In [132]:
#data preprocessing
# measure data quality, handling missing data, cleaning
import warnings
warnings.filterwarnings('ignore')


import scipy as sp
import pandas as pd
import re

import matplotlib as mlt
%matplotlib inline
import matplotlib.pyplot as plt
import seaborn as sns

from sklearn.preprocessing import StandardScaler
from sklearn.preprocessing import OneHotEncoder, LabelEncoder
from sklearn.model_selection import KFold
from sklearn.ensemble import RandomForestRegressor
from sklearn.model_selection import cross_validate
from sklearn.metrics import confusion_matrix
from sklearn.model_selection import cross_val_score
from sklearn import metrics
from sklearn.ensemble import RandomForestClassifier
from sklearn.model_selection import train_test_split

In [133]:
train = pd.read_csv (r'../input/titanic/train.csv')
test = pd.read_csv (r'../input/titanic/test.csv')
train.head(15)

In [134]:
# PREPROCESSING

# check missing data and gives feature data types(numerical variable/ categorical variable, string)
def missing_data(data):
    total = data.isnull().sum()
    percent = (data.isnull().sum()/data.isnull().count()*100)
    types = [str(data[i].dtype) for i in data.columns]
    
    df = pd.DataFrame({'Total':total, 'Precent':percent, 'Types':types})
    
    return(sp.transpose(df))

missing_data(train)
missing_data(test)

Check distribution for features that have missing values, so that we can have an idea on how to fix missing data. 
* For feature "Age" and "Fare", those are continuous features, we can construct densiity plot to see its distribution.
* "Embarked" is categorical feature, has value of "S","C", or "Q".

In [135]:
# check data distribution, see how to fix missing data
# e.g. pairwise deletion/ mean substitution/median substitution/ regression imputation
train.describe()

In [136]:
sns.distplot(train['Fare'])

In [137]:
sns.distplot(train['Age'])

* "Fare" & "Age" is right skewed -> consider median imputation
* "Embarked" use default mode imputation
* "Cabin" fillna with "no value" statement

In [138]:
#drop train labels, concat train&test to do missing values imputation
ytrain = train['Survived']
data = pd.concat([train.drop(columns='Survived'), test])

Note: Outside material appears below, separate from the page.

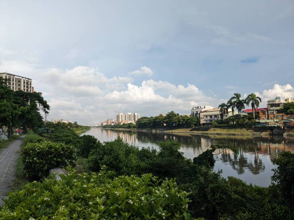 這條鬧中有靜的河堤單車道,兩旁有綠蔭夾道,就像是綿長的綠色隧道,沿路小河相伴,走起來很舒服。

data['Age'].fillna(data['Age'].median(), inplace=True)
data['Fare'].fillna(data['Fare'].median(), inplace=True)
data['Embarked'].fillna(data['Embarked'].mode()[0], inplace=True)
data['Cabin'].fillna('no value', inplace=True)
missing_data(data)

In [139]:
#split the train test dataset
train = data.loc[:train.index[-1]]
test = data.loc[train.index[-1]:][1:]
train = pd.concat([ytrain, train], axis=1)

#check distribution of ytrain to see it there is class label imbalance
sns.countplot(x='Survived', data=train).set_title('Survived probablity density function')
plt.show()

In [140]:
y_train = train['Survived']
X_train = train.drop(columns=['Survived',"Ticket",'Cabin','Name','PassengerId'])
X_train

In [141]:
#discretization: ordinal encoding for embarked & sex
from sklearn.preprocessing import OrdinalEncoder
enc = OrdinalEncoder()
X_train[["Embarked","Sex"]] = enc.fit_transform(X_train[["Embarked","Sex"]])

In [142]:
#correlation matrix- quick view of 'plasma soup' and its relationships
data = X_train
data["Survived"] = y_train
corrmat = data.corr()
plot = plt.subplots(figsize=(12, 9))
sns.heatmap(corrmat, vmax=.8, square=True);

#check the 10 largest variable that are correlated with 'Survived'
k = 10 #in this cass, all variable
cols = corrmat.nlargest(k, 'Survived')['Survived'].index # selected feautre with hightest corr
cm = np.corrcoef(data[cols].values.T)
sns.set(font_scale=1.25)
hm = sns.heatmap(cm, cbar=True, annot=True, square=True, fmt='.2f', annot_kws={'size': 10}, yticklabels=cols.values, xticklabels=cols.values)
plt.show()

In [143]:
X_train = X_train.drop(columns='Survived')

In [144]:
def confusion_matrix_scorer(clf, X, y):
...      y_pred = clf.predict(X)
...      cm = confusion_matrix(y, y_pred)
...      return {'tn': cm[0, 0], 'fp': cm[0, 1],
...              'fn': cm[1, 0], 'tp': cm[1, 1]}

In [145]:
#Random forest classifier
X_train_new, X_val, y_train_new, y_val = train_test_split(X_train, y_train, test_size = 0.28, random_state = 42)
RFmodel = RandomForestClassifier(n_estimators=100, max_depth=len(X_train.columns)+1, random_state=1)
RFmodel.fit(X_train_new, y_train_new)
#use cross validation with cofusion matrix to evaluate model
cv_results = cross_validate(RFmodel, X_val, y_val, cv=5,scoring=confusion_matrix_scorer)
cv_results

In [148]:
print("train accuracy: \n ", metrics.accuracy_score(y_train, RFmodel.predict(X_train)))
print("cross validation accuracy:  \n",cross_val_score(RFmodel, X_val, y_val, cv=10))

In [151]:
Average(cross_val_score(RFmodel, X_val, y_val, cv=10))

In [147]:
#preprocess X_test
X_test = test.drop(columns=["Ticket",'Cabin','Name','PassengerId'])
enc = OrdinalEncoder()
X_test[["Embarked","Sex"]] = enc.fit_transform(X_test[["Embarked","Sex"]])
#predict and ourput to csv
y_test = RFmodel.predict(X_test)
output = pd.DataFrame({'PassengerId': test.PassengerId, 'Survived': y_test})
output.head()
output.to_csv('./submission.csv', index=False)